8. Optimiser la fiscalité : selon votre régime (revenus fonciers, BIC), declarez vos revenus et charges précisément. En LMNP, l’amortissement du bien peut réduire fortement votre imposition les premières années. Consultez un expert-comptable spécialisé pour maximiser vos déductions.

Un dernier point : la sortie

Un investissement locatif se termine un jour. Trois options s’offrent à vous :

Vendre : si le bien a pris de la valeur (surtout dans les stations ou près du lac), la plus-value peut être significative. En LMNP, attention à la fiscalité sur la plus-value (réintégration de l’amortissement). En location nue, la plus-value est imposée à 19 % + prélèvements sociaux (17,2 %), avec des abattements pour durée de détention (6 % par an à partir de la 6e année).

Transmettre : la donation ou la vente à un enfant permet de préparer une transmission en douceur, avec des droits de mutation réduits (abattement de 100 000 € par parent et par enfant tous les 15 ans).

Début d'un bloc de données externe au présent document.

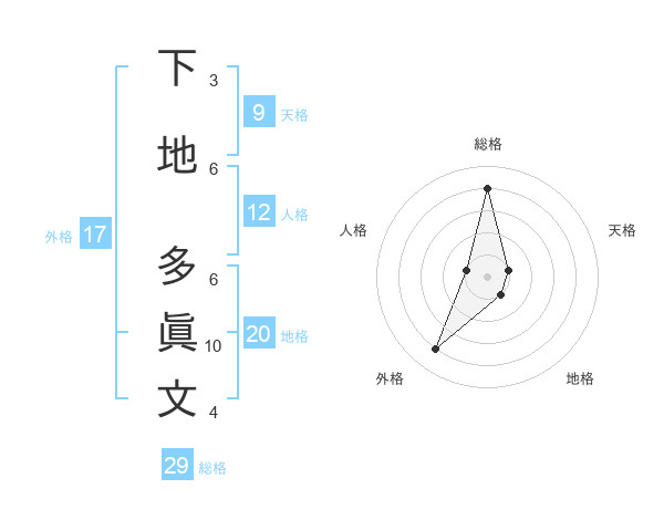 下地 多眞文さんを姓名の画数から五運を鑑定

Dans les Hautes-Alpes, où les prix restent modérés, c’est une stratégie fréquente pour aider les enfants à s’installer.

Conserver : si le bien est bien placé et bien entretenu, le garder en patrimoine peut être judicieux, surtout si les loyers couvrent largement les charges. À long terme, l’immobilier reste une valeur refuge, particulièrement dans les zones touristiques où la demande est pérenne.